From the state dictionary, we derive as machine-learning feature the distribution of excitation. We'll use this in the next parts to define our kernel.
from sklearn.model_selection import train_test_split
# Prepare features (X) and targets (y)
X = [data for data in processed_dataset]
y = [data.target for data in processed_dataset]
# Split data into training and testing sets
X_train, X_test, y_train, y_test = train_test_split(X, y, stratify = y, test_size=0.2, random_state=42)
print(f'Size of the training quantum compatible dataset = {len(X_train)}')
print(f'Size of the testing quantum compatible dataset = {len(X_test)}')
Size of the training quantum compatible dataset = 320 Size of the testing quantum compatible dataset = 80
X_train[53].draw_excitation()
The Quantum Evolution Kernel computes a similarity score between two graphs based on quantum-inspired measures. It is designed to work with graph-structured data.
from qek.kernel import QuantumEvolutionKernel as QEK
# Initialize the Quantum Evolution Kernel with a parameter mu
kernel = QEK(mu=0.5)
# Fit
kernel.fit(X_train)
# Transform
K_train = kernel.transform(X_train)
K_test = kernel.transform(X_test)
print(f"Training Kernel Matrix Shape: {K_train.shape}")
print(f"Testing Kernel Matrix Shape: {K_test.shape}")
Training Kernel Matrix Shape: (320, 320) Testing Kernel Matrix Shape: (80, 320)
5) Train a Machine Learning Model
We will use an SVM (Support Vector Machine) to learn how to predict the toxicity of a molecule based on the precomputed kernel.
from sklearn.svm import SVC
# Define a SVC model with QuantumEvolutionKernel
qek_kernel = QEK(mu=0.5)
model = SVC(kernel=qek_kernel, random_state=42)
Training
This precomputed kernel will allow us to evaluate the algorithm QEK.
model.fit(X_train, y_train)
SVC(kernel=<qek.kernel.kernel.FastQEK object at 0x7f8dedf57df0>, random_state=42)In a Jupyter environment, please rerun this cell to show the HTML representation or trust the notebook.

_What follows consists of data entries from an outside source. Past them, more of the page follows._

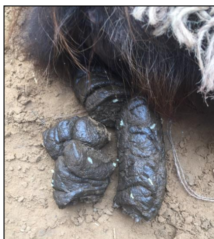
Fig 1: White coloured cooked rice grain type of crumbs in faeces

Four Murrah buffalo calves with age ranging from 2.5 to 5 months were reported to Government Veterinary Hospital, Bhagwi, Charkhi Dadri (Haryana) out of which two calves were with a complaint of constipation and the remaining two calves were with a complaint of explosive diarrhoea and emaciation since 4-5 days. White coloured cooked rice grain type of crumbs was observed in the gross faecal examination of the calves (Fig. 1).
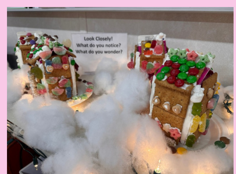
Gingerbread Houses in Div. 15
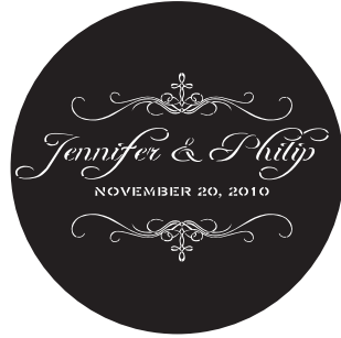
G4. Freebooter Script Copperplate Gothic Light
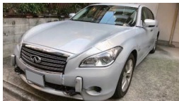
Road Surface Vision

We investigate sensing technologies for vehicles through high-speed, high-accuracy recognition of the vehicle and its surrounding environment using high-speed vision. For example, we are developing systems for vehicle's posture estimation and localization by capturing and analyzing proximate road surface.
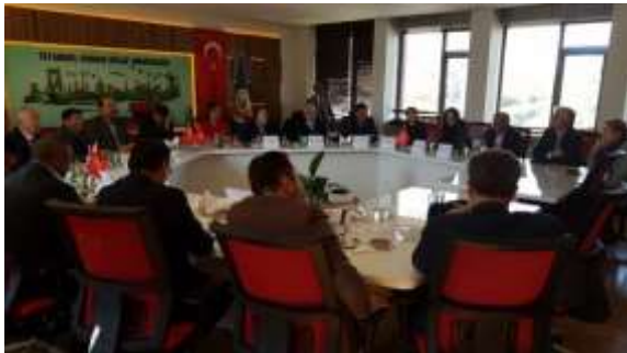
Figure 12 Regional Directorate of Istanbul
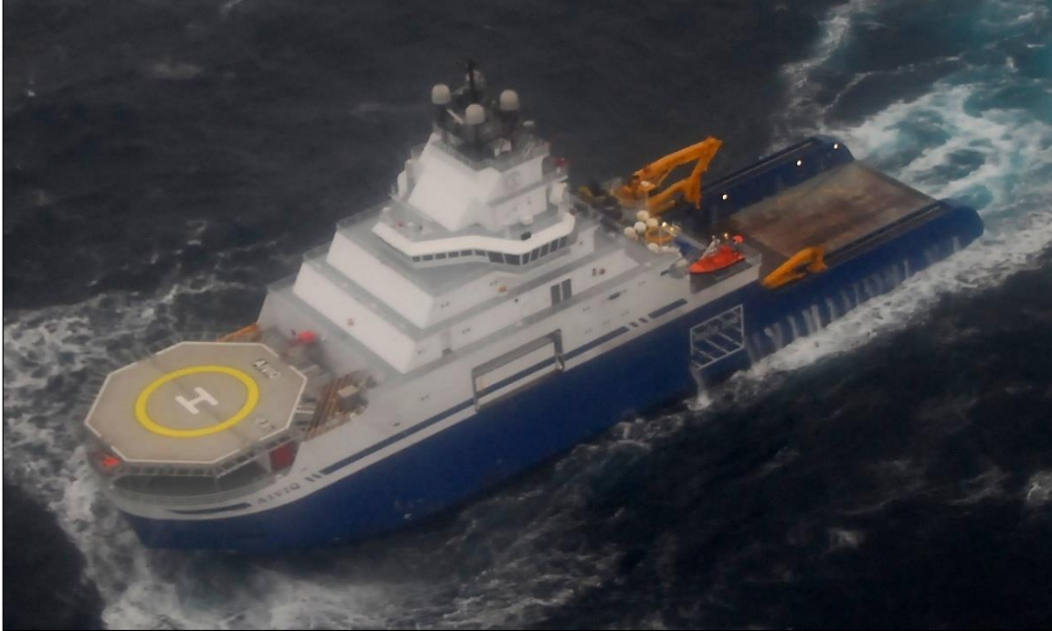
Figure A-8. Commercial Ship Aiviq
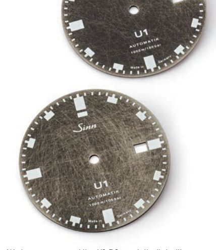
We have engraved the U1 DS model's dial with an irregular, intricate pattern. This engraving makes every watch unique - the impression achieved on the dial during the machining process can never be repeated.
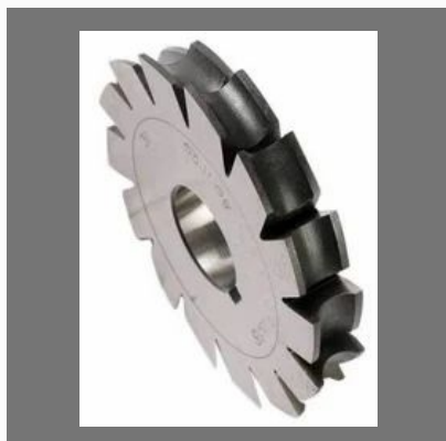
Concave Milling Cutter
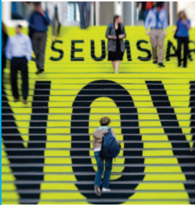
MUSEUM OF CONTEMPORARY ART
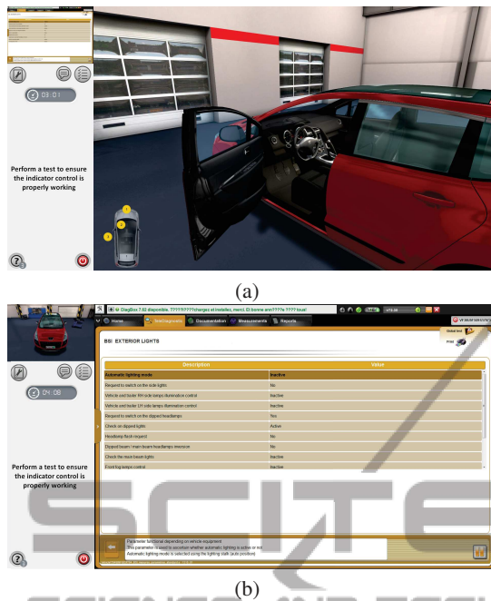
Figure 1: The game environment of Diag'Adventures features two views : (a) the interactive car in 3D and (b) the diagnostic software.

which should allow for a less steep learning curve and a more efficient transfer into the real world of the knowledge acquired virtually, since it eases the back and forth transitions between the game and the real-life activities. In the next section, we will briefly review the related work. Then, we will point out the coexistence of two separate dimensions within a scenario: the description of the activity and the pedagogy. This will lead us to propose a model, which we will detail and illustrate with the aforementioned scenario. We conclude that our approach empowers the trainers with the necessary tools to describe their professional and pedagogical expertise in an expressive yet formal fashion.
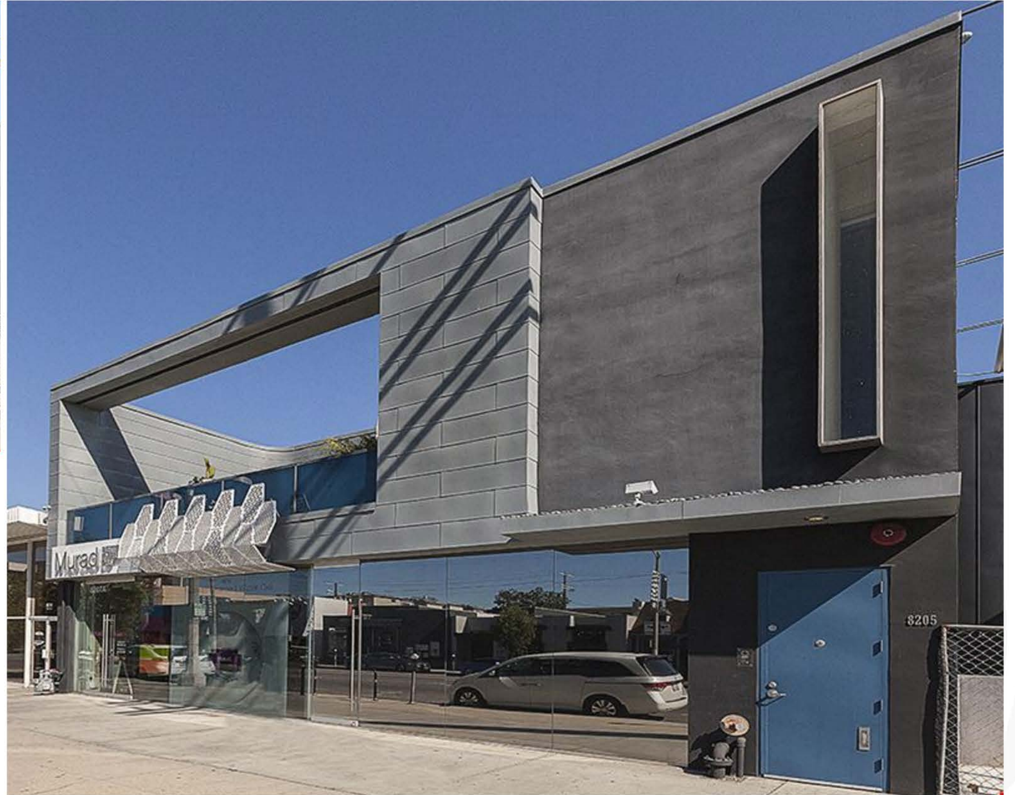
BUILDING PHOTO RETAIL STOREFRONT

On GitHub, the HTML representation is unable to render, please try loading this page with nbviewer.org.
SVC(kernel=<qek.kernel.kernel.FastQEK object at 0x7f8dedf57df0>, random_state=42)
<qek.kernel.kernel.FastQEK object at 0x7f8dedf57df0>
<qek.kernel.kernel.FastQEK object at 0x7f8dedf57df0>
Evaluation
We can use the trained model to make predictions on the test dataset
# Making predictions using the trained model and test data
y_pred = model.predict(X_test)
from sklearn.metrics import f1_score, balanced_accuracy_score
print("\nEvaluation Results:")
print(f"F1 Score: {f1_score(y_test, y_pred, average='weighted'):.2f}")
print(f"Balanced Accuracy: {balanced_accuracy_score(y_test, y_pred):.2f}")
Evaluation Results: F1 Score: 0.54 Balanced Accuracy: 0.54
As this was a synthetic dataset with random features, the accuracy is low. The model can also be tuned further, For extra details on a real dataset, please see the companion notebook for advanced ML steps.